• EXERCISE DIRECTIONS:
Leave the pictures in the listing below aside and reproduce exactly the lines starting with the one with "Phòng ngủ bé" and going on through the one with "裁判文書網顯示,佛山市順德區", both ends included.

• INPUT MATERIAL:
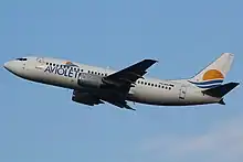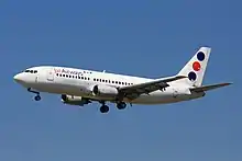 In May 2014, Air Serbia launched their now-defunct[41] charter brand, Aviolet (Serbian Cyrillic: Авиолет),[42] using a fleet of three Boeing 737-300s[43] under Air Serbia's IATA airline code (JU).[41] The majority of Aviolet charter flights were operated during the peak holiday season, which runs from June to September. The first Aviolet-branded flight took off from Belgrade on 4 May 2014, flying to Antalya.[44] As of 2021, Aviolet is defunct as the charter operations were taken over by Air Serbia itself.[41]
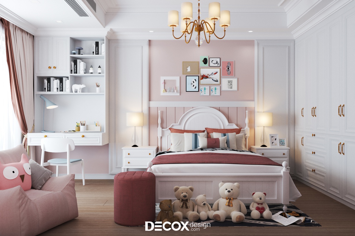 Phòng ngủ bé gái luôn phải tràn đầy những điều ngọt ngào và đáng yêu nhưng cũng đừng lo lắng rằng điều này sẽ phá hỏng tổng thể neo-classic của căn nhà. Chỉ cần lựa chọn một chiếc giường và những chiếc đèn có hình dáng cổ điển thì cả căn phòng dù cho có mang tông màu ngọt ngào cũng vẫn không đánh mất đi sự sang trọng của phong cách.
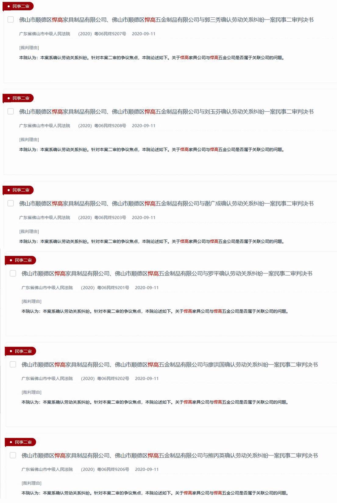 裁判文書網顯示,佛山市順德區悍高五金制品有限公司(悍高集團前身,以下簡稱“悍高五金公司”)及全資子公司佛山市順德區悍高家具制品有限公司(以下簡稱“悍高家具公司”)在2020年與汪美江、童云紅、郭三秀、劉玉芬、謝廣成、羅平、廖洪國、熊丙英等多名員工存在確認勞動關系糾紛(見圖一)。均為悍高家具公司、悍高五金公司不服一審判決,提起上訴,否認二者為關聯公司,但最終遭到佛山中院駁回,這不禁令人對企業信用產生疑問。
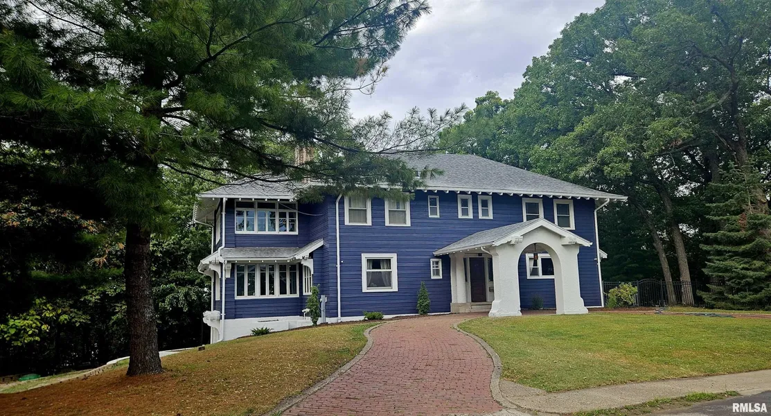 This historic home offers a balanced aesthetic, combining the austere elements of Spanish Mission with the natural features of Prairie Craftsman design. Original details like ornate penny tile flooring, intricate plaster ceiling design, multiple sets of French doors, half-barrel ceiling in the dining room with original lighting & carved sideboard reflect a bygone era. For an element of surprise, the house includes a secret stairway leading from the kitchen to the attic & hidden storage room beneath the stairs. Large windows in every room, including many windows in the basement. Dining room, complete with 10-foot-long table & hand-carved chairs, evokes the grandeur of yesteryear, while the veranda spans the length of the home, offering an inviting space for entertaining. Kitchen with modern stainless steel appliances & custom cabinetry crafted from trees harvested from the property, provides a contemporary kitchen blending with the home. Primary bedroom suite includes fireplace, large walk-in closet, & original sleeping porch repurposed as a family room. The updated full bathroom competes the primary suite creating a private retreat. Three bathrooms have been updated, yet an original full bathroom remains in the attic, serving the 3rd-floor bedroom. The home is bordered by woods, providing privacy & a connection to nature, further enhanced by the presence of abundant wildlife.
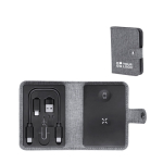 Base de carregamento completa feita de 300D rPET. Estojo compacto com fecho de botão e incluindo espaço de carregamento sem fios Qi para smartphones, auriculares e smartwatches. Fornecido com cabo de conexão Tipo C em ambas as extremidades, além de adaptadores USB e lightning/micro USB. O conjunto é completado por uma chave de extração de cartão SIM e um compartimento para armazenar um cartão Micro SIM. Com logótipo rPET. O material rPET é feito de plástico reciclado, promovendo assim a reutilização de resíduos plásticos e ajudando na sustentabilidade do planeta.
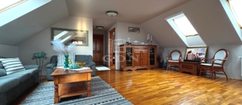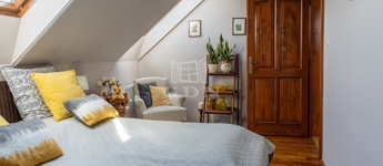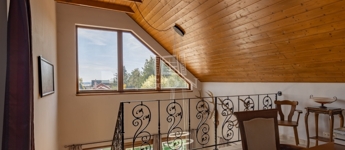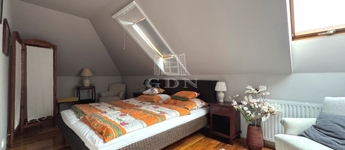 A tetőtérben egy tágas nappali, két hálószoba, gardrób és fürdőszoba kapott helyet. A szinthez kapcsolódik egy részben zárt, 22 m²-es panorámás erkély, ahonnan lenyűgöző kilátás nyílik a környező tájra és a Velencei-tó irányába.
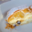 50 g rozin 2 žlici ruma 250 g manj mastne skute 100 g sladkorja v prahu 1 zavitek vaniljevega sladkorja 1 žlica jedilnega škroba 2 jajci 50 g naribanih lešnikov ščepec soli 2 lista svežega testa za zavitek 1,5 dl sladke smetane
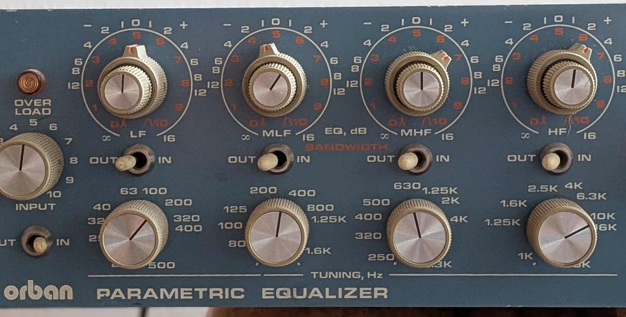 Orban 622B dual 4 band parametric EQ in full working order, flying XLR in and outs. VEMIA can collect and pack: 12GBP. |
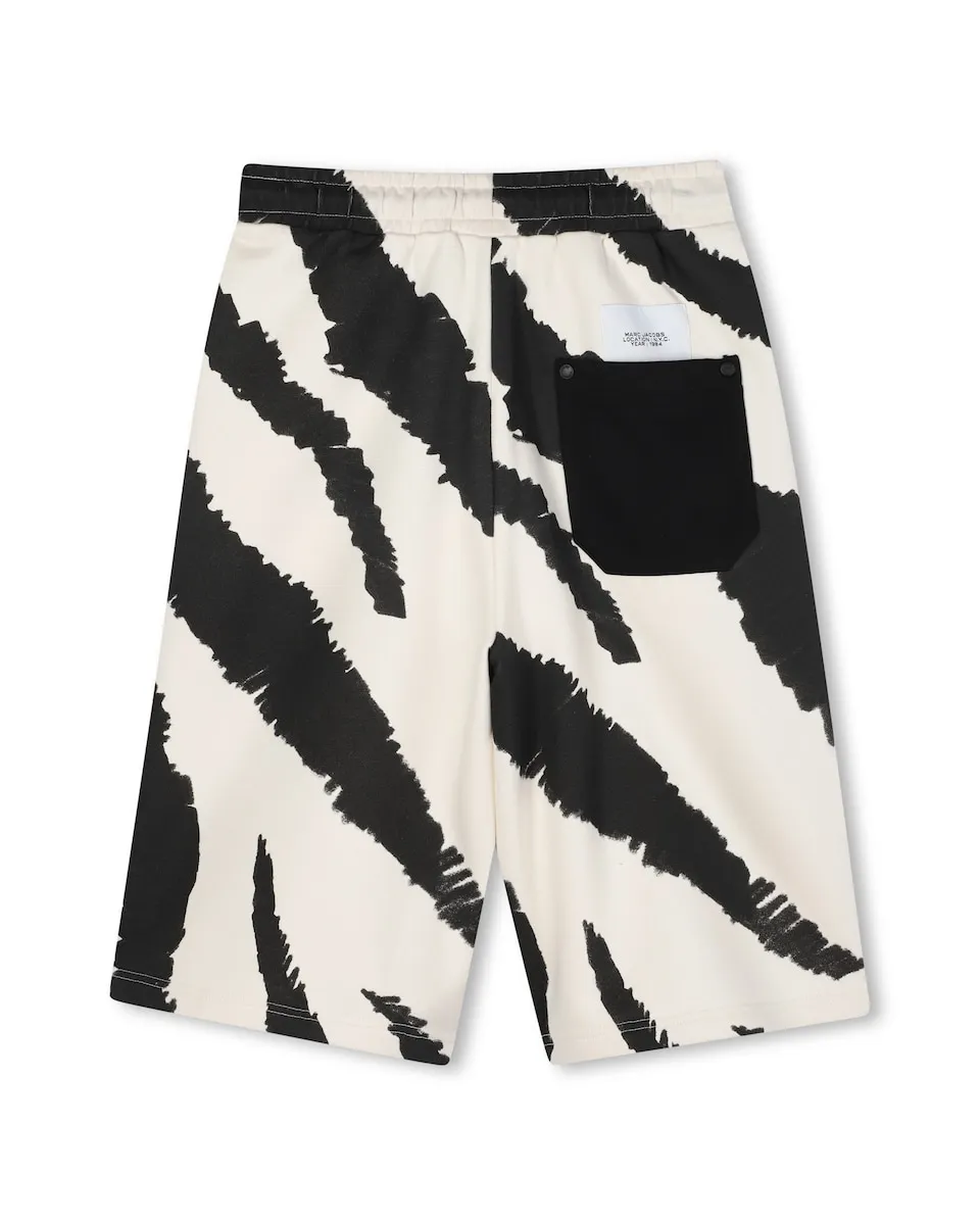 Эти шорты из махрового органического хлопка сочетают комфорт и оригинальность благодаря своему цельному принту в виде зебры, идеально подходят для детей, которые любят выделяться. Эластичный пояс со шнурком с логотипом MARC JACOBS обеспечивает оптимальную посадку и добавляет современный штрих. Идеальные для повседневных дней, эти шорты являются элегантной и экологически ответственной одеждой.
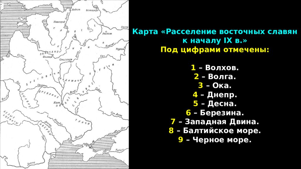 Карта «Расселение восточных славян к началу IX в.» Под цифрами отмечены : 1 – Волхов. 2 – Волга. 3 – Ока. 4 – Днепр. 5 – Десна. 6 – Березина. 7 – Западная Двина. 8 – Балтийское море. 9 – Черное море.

• SOLUTION:
 Phòng ngủ bé gái luôn phải tràn đầy những điều ngọt ngào và đáng yêu nhưng cũng đừng lo lắng rằng điều này sẽ phá hỏng tổng thể neo-classic của căn nhà. Chỉ cần lựa chọn một chiếc giường và những chiếc đèn có hình dáng cổ điển thì cả căn phòng dù cho có mang tông màu ngọt ngào cũng vẫn không đánh mất đi sự sang trọng của phong cách.
 裁判文書網顯示,佛山市順德區悍高五金制品有限公司(悍高集團前身,以下簡稱“悍高五金公司”)及全資子公司佛山市順德區悍高家具制品有限公司(以下簡稱“悍高家具公司”)在2020年與汪美江、童云紅、郭三秀、劉玉芬、謝廣成、羅平、廖洪國、熊丙英等多名員工存在確認勞動關系糾紛(見圖一)。均為悍高家具公司、悍高五金公司不服一審判決,提起上訴,否認二者為關聯公司,但最終遭到佛山中院駁回,這不禁令人對企業信用產生疑問。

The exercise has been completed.